Start of Data extract
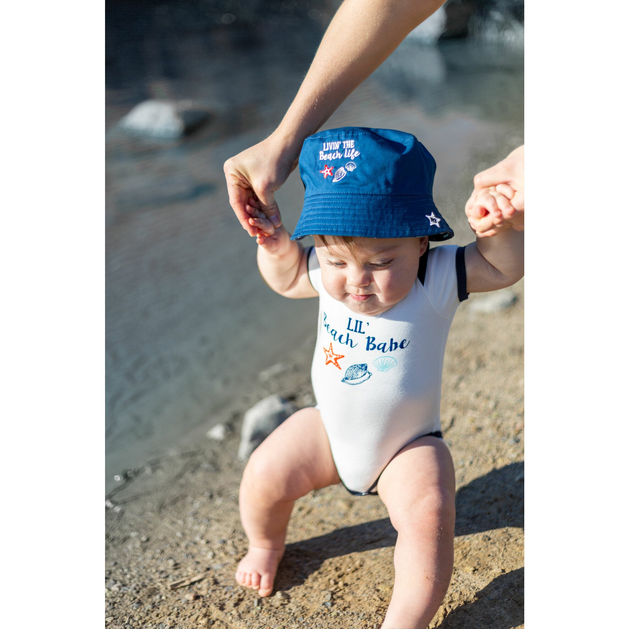 - IN-HOUSE DESIGN: "Lil' Beach Babe" text and accompanying seashell icons are printed onto the front of the bodysuit.
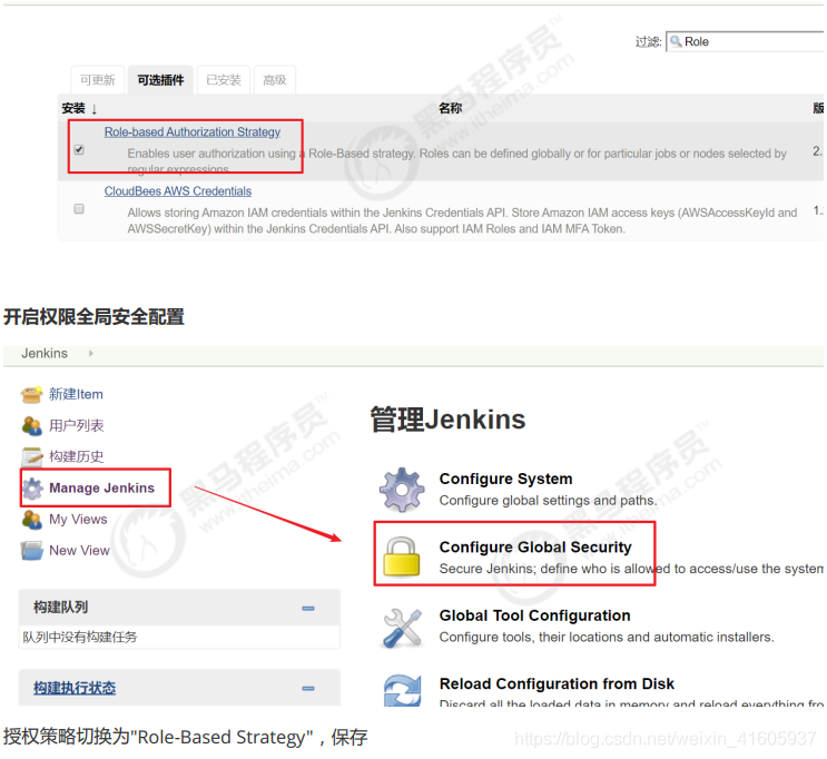 我们可以利用Role-based Authorization Strategy 插件来管理Jenkins用户权限,安装Role-based Authorization Strategy插件
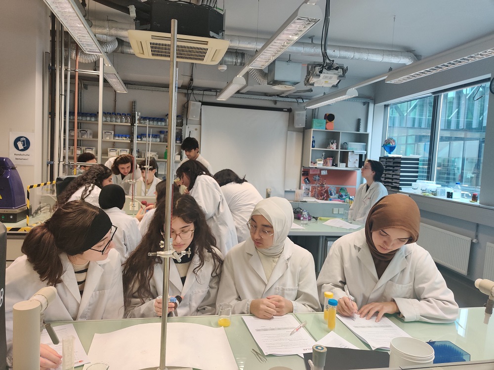 Die Schüler*innen der Klasse 8RG haben bei ihrem Besuch im Vienna Open Lab ein Vitaminpräparat auf den Gehalt von Vitamin B1 und B2 untersucht. Dabei haben sie auch einiges über Vitamine gelernt.
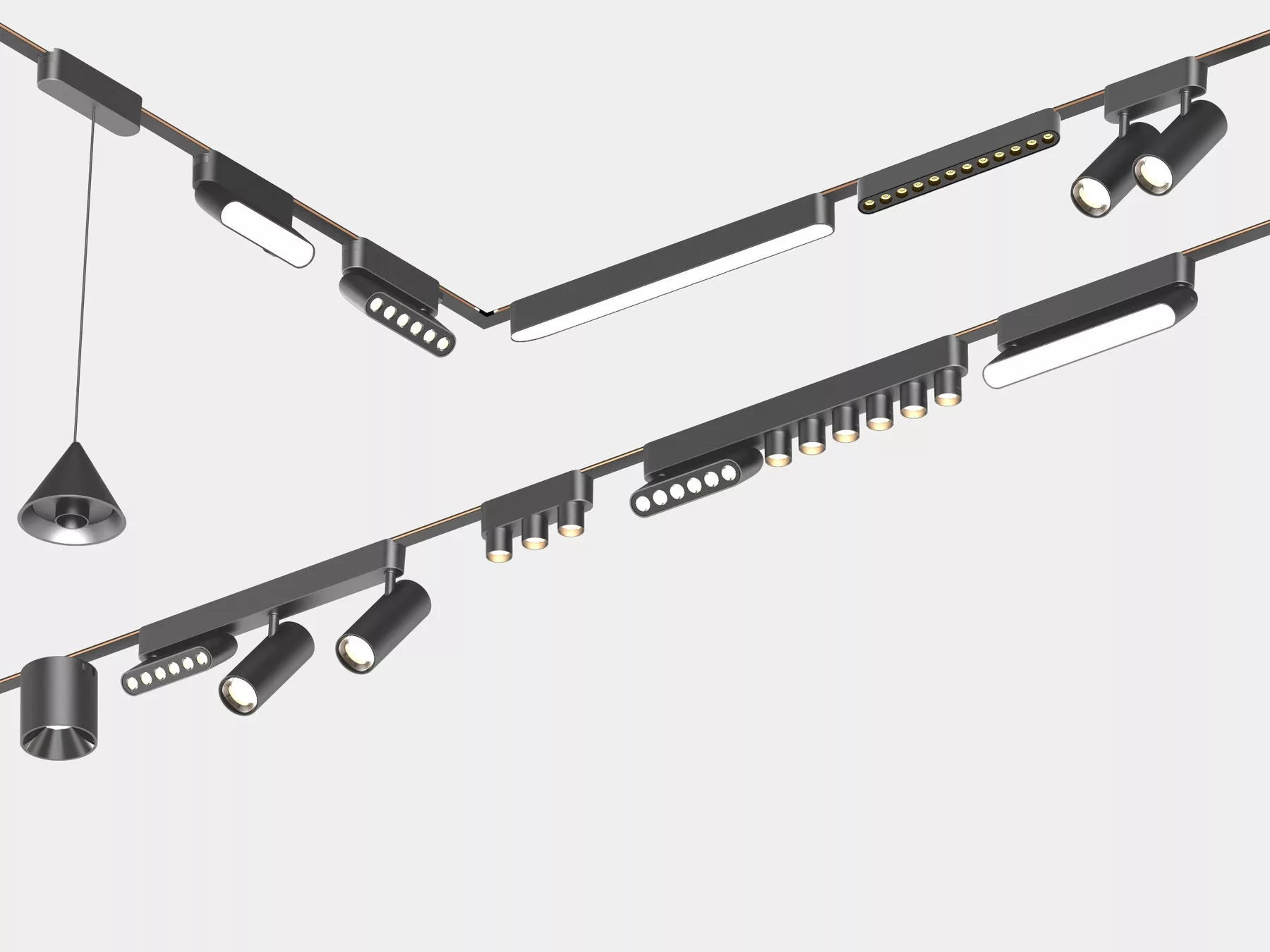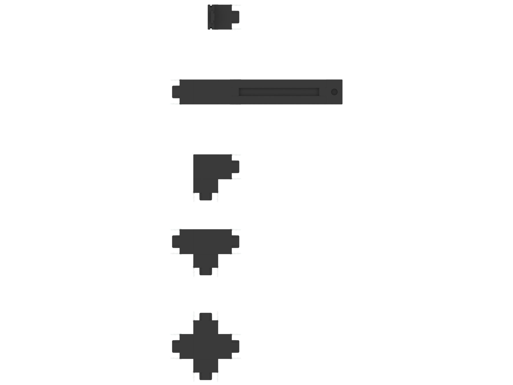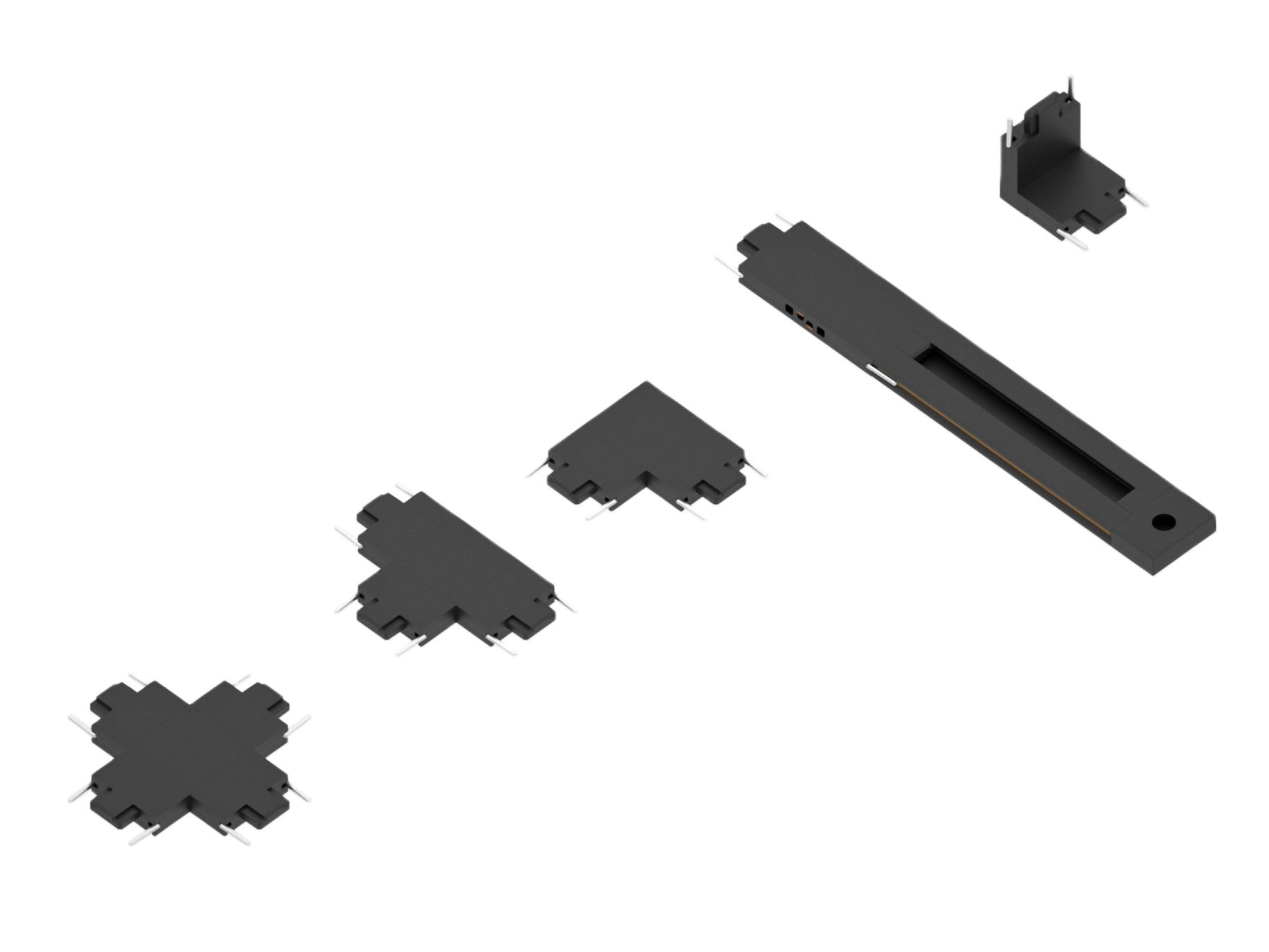 Внутри трека проходит 2 медных провода плоской формы. Напряжение на 2х контактной шине составляет 24V. Трек можно без проблем отрезать в нужный вам размер и создавать непрерывные прямоугольные формы с помощью специальных адаптеров: Прямой соединитель, T-образный, L-образный, X-образный.
End of Data extract
Problem to work on = Please repeat every line from the listing above exactly as it appears. Drop the pictures.

Solution below =
 - IN-HOUSE DESIGN: "Lil' Beach Babe" text and accompanying seashell icons are printed onto the front of the bodysuit.
 我们可以利用Role-based Authorization Strategy 插件来管理Jenkins用户权限,安装Role-based Authorization Strategy插件
 Die Schüler*innen der Klasse 8RG haben bei ihrem Besuch im Vienna Open Lab ein Vitaminpräparat auf den Gehalt von Vitamin B1 und B2 untersucht. Dabei haben sie auch einiges über Vitamine gelernt.
 Внутри трека проходит 2 медных провода плоской формы. Напряжение на 2х контактной шине составляет 24V. Трек можно без проблем отрезать в нужный вам размер и создавать непрерывные прямоугольные формы с помощью специальных адаптеров: Прямой соединитель, T-образный, L-образный, X-образный.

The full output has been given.